The event was held in the physics lab, and students and faculty demonstrated the game on eight projection screens around the room. The space is perfect for this kind of thing. The designer, Michael Rogers, said the lab has a pretty great soundsystem, too, and one night he projected The Matrix on all eight screens and blasted the volume. That got me thinking, and, at the risk of sounding totally geeky, this lab would be perfect for a Halo party.
While playing, I spoke with Joan Falkenberg Getman, the senior strategist for Learning Technologies at Cornell, and Gee. Gee told me he’s been playing World of Warcraft since it came out, and there’s a group of about eight faculty members and a bunch of students out at UW-Madison that play it all the time.
We talked a bit about PMOGs (which, you may recall, I talked about last week), and he raised an interesting point: That PMOGs are really just “awareness” tools — they alert you to your Internet use, and point out what and how often you are using. PMOGs make you aware of the Internet structures you work within every day. So why not track your e-mail use and, as with some PMOGs, get points in a game for it? You’re going to be e-mailing all day anyway, might as well make it fun.

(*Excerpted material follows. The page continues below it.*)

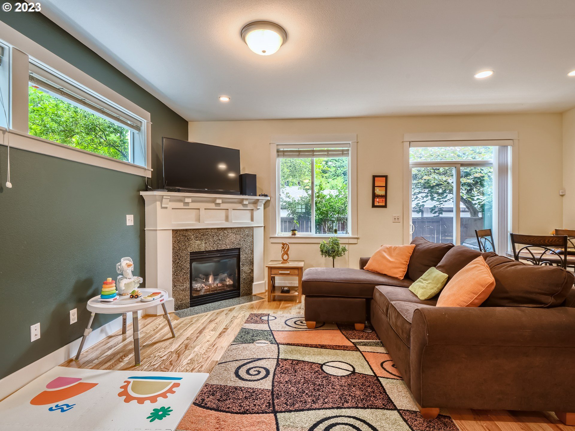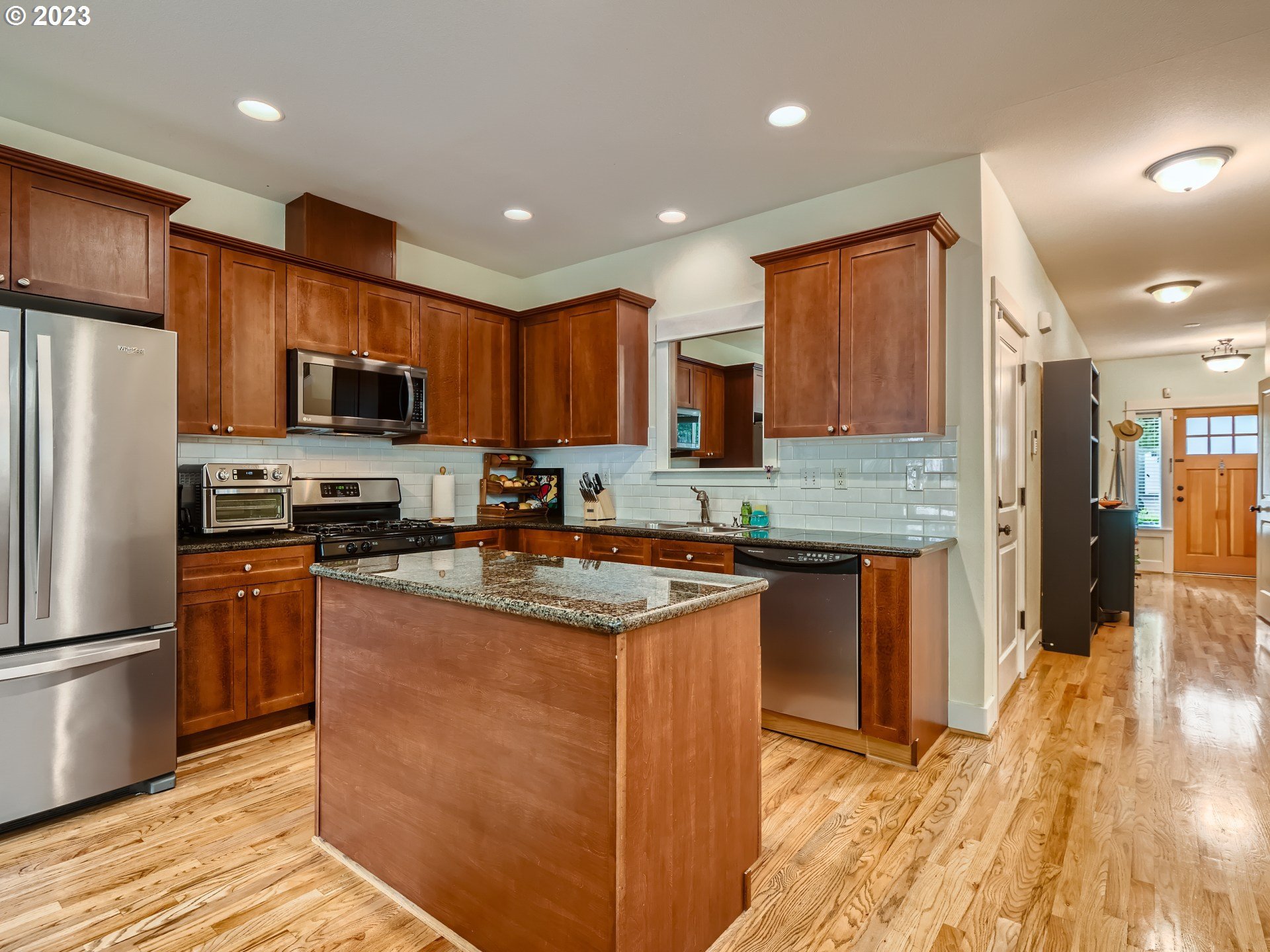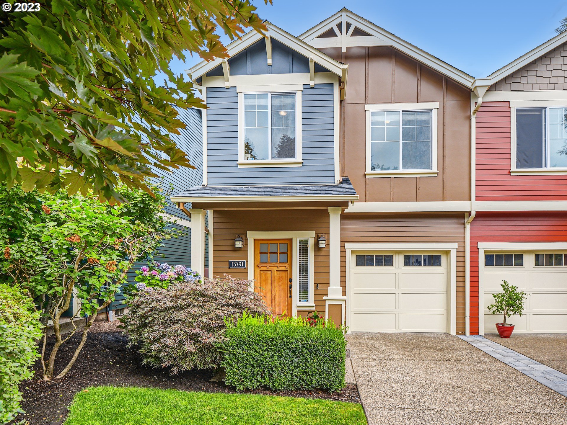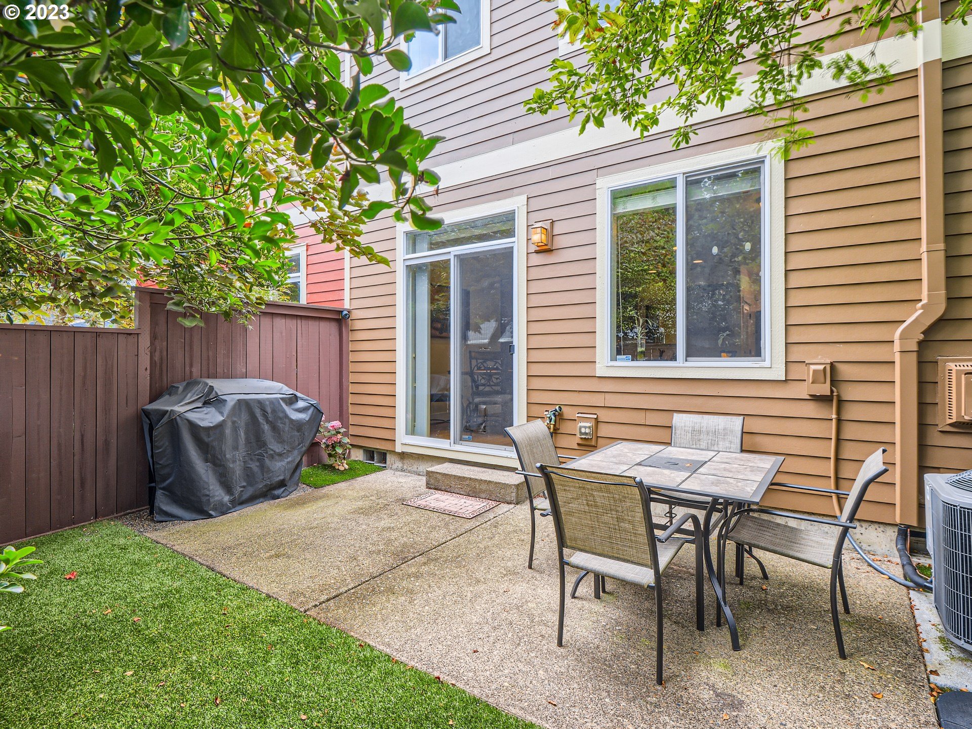 Nice end unit Townhome that provides additional windows for light! Beautiful island bar kitchen with granite counters and stainless steel appliances, including the refrigerator. Cozy gas fireplace in the great room that leads to private low maintenance back yard with newer artificial grass and patio! This home has many upgrades including real hardwood floors on through out both floors and the staircase steps! Vaulted owners suite with a soaking tub, double sinks, walk-in shower, tile floor and walk-in closet. Tile floor in hall bath and laundry room. New A/C! Secluded fenced back yard with no houses behind. 4 additional visitor parking spaces across the street. HOA covers the exterior maintenance, front yard maintenance, common area’s and insurance on portion townhouse, Newer exterior paint and all the front doors in this community will be re-finished at the HOA’s expense. Washer & Dryer included. Progress Ridge Mall, New Seasons, restaurants, Big Al’s, Cinetopia and shopping all just minutes away! You will be impressed!

What was really great about the evening was the enthusiasm about the potential for using these online networks as educational tools. Professors from Cornell and IC, with little knowledge about Second Life, were willing to take 10 minutes to learn about it and even give the avatars a try. One of the Cornell business professors is now figuring out how to set up business classes that would teach accounting, stats and so on in a game that mixes Second Life and, what he called, “World of Bizcraft.”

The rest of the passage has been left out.